__PROBLEM DESCRIPTION__: Using the data that follows, give again word for word the lines between the one holding "Servië/Serbien/Serbia | Overzichtskaart" and the one holding "magnifying mirror 1X-10X", inclusive. Omit the pictures.

__EXERCISE MATERIAL__:
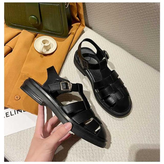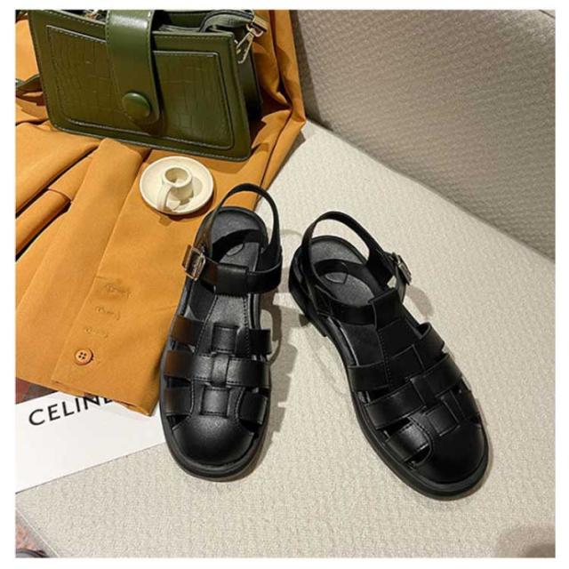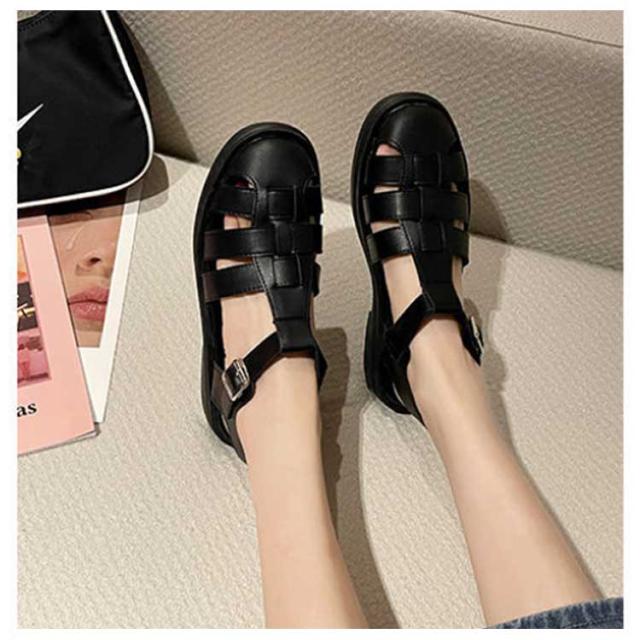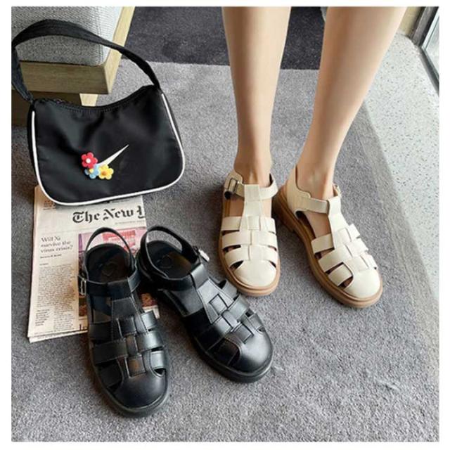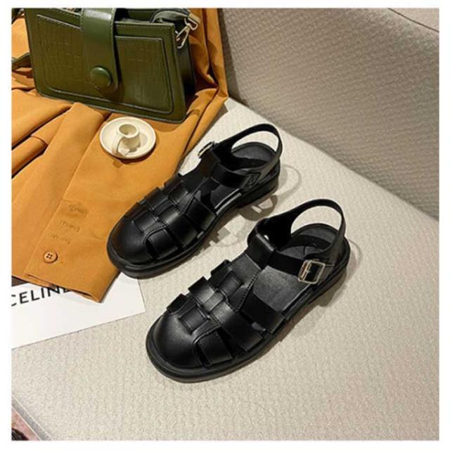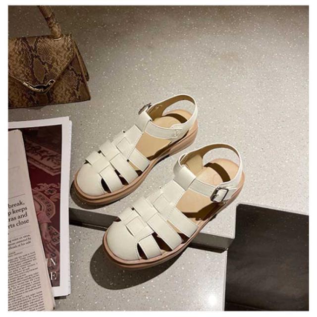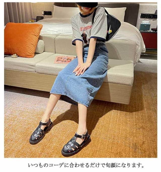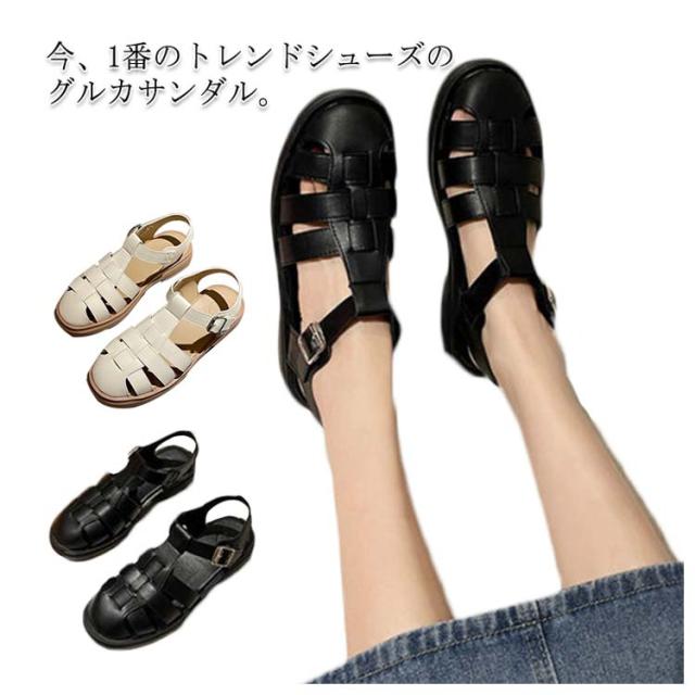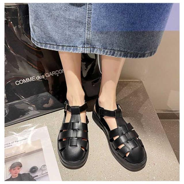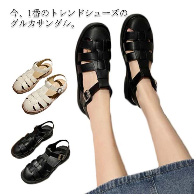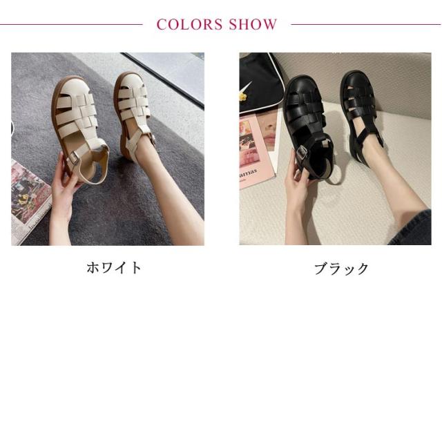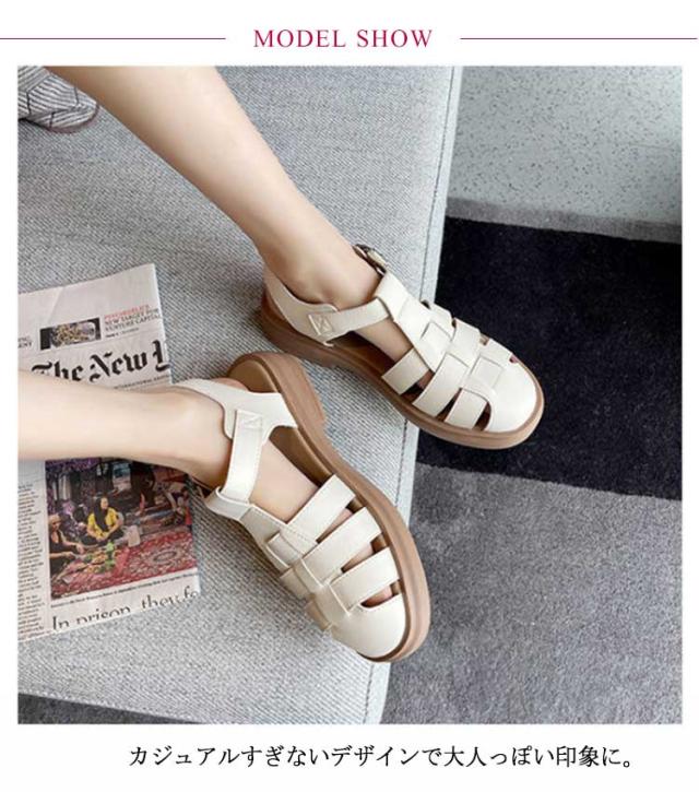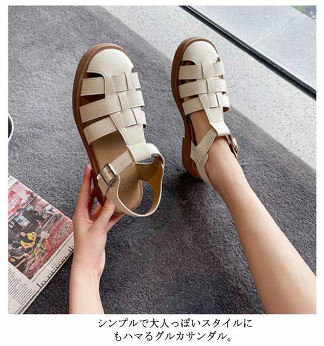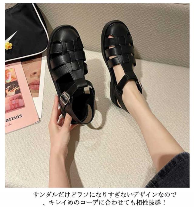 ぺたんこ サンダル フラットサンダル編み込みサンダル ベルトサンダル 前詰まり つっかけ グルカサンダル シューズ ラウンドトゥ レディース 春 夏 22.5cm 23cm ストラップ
---
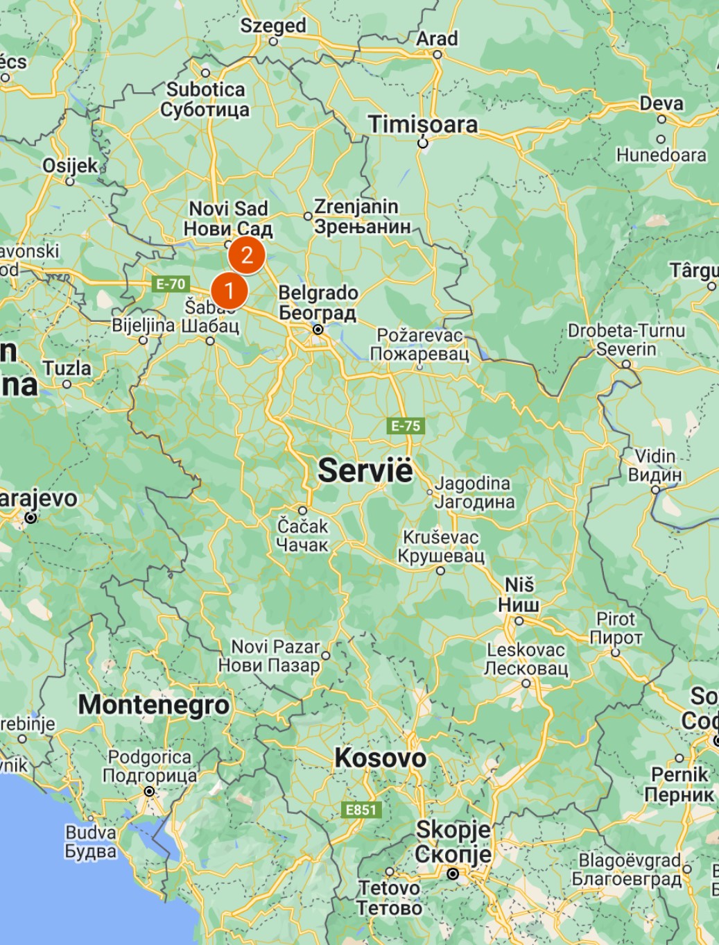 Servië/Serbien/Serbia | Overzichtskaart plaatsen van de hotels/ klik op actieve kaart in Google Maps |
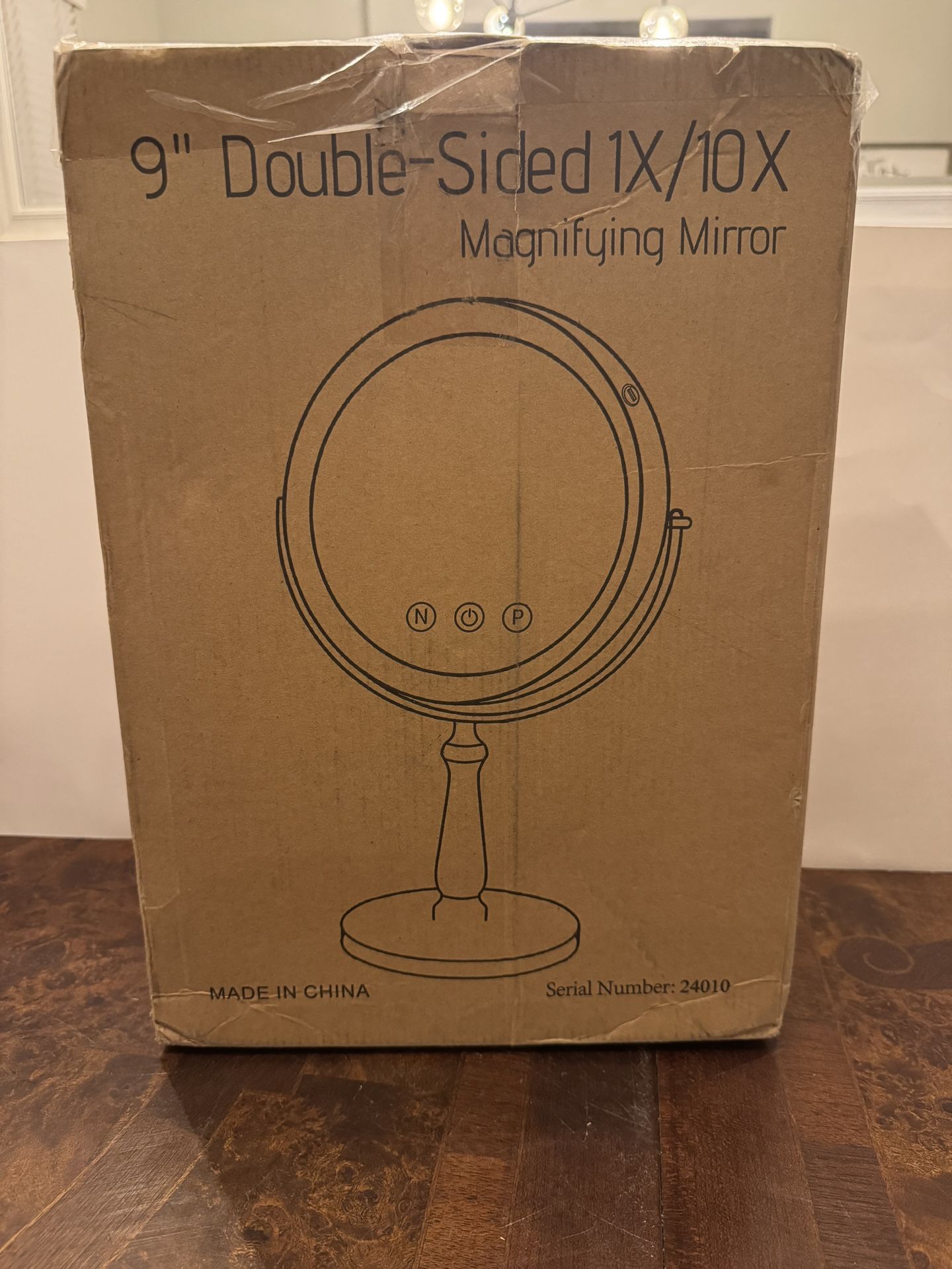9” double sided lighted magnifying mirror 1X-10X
==
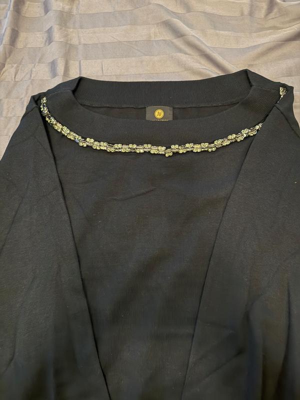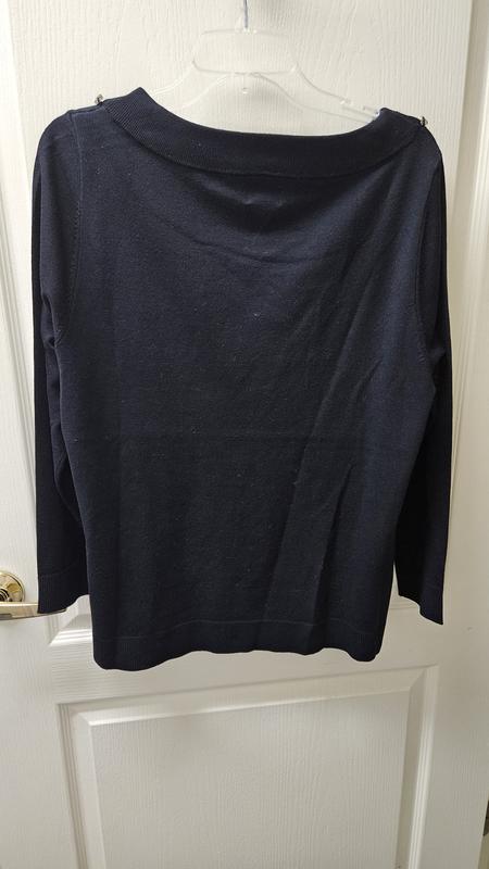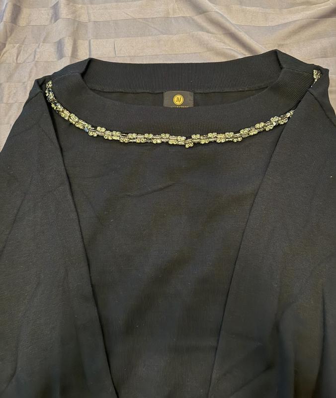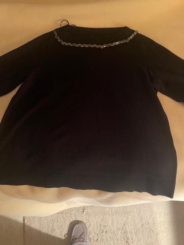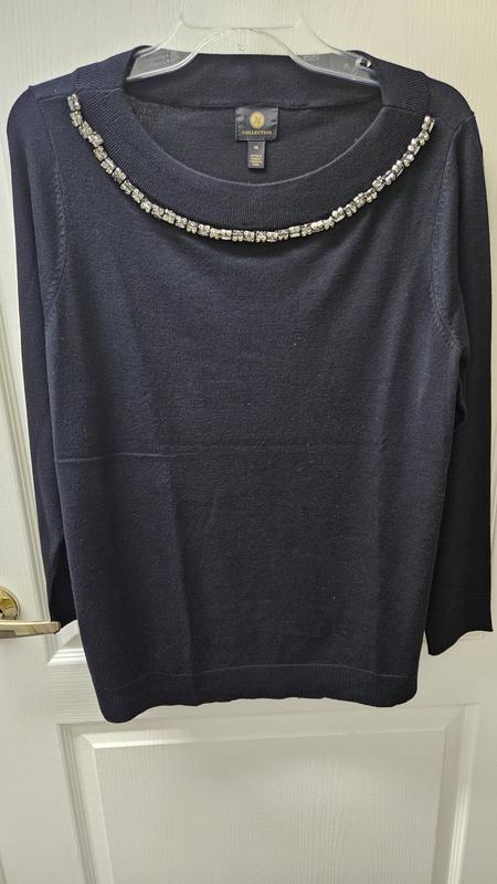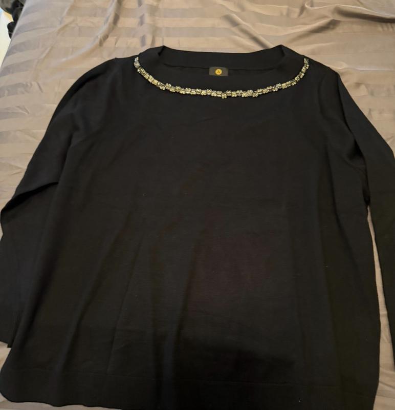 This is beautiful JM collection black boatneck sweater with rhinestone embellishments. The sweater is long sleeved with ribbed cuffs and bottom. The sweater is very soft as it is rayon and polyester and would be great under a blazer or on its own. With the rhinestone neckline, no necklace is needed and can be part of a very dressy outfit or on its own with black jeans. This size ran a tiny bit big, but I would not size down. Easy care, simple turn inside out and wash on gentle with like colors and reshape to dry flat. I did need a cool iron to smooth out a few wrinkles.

__REPLY TO THE TASK__:
 Servië/Serbien/Serbia | Overzichtskaart plaatsen van de hotels/ klik op actieve kaart in Google Maps |
9” double sided lighted magnifying mirror 1X-10X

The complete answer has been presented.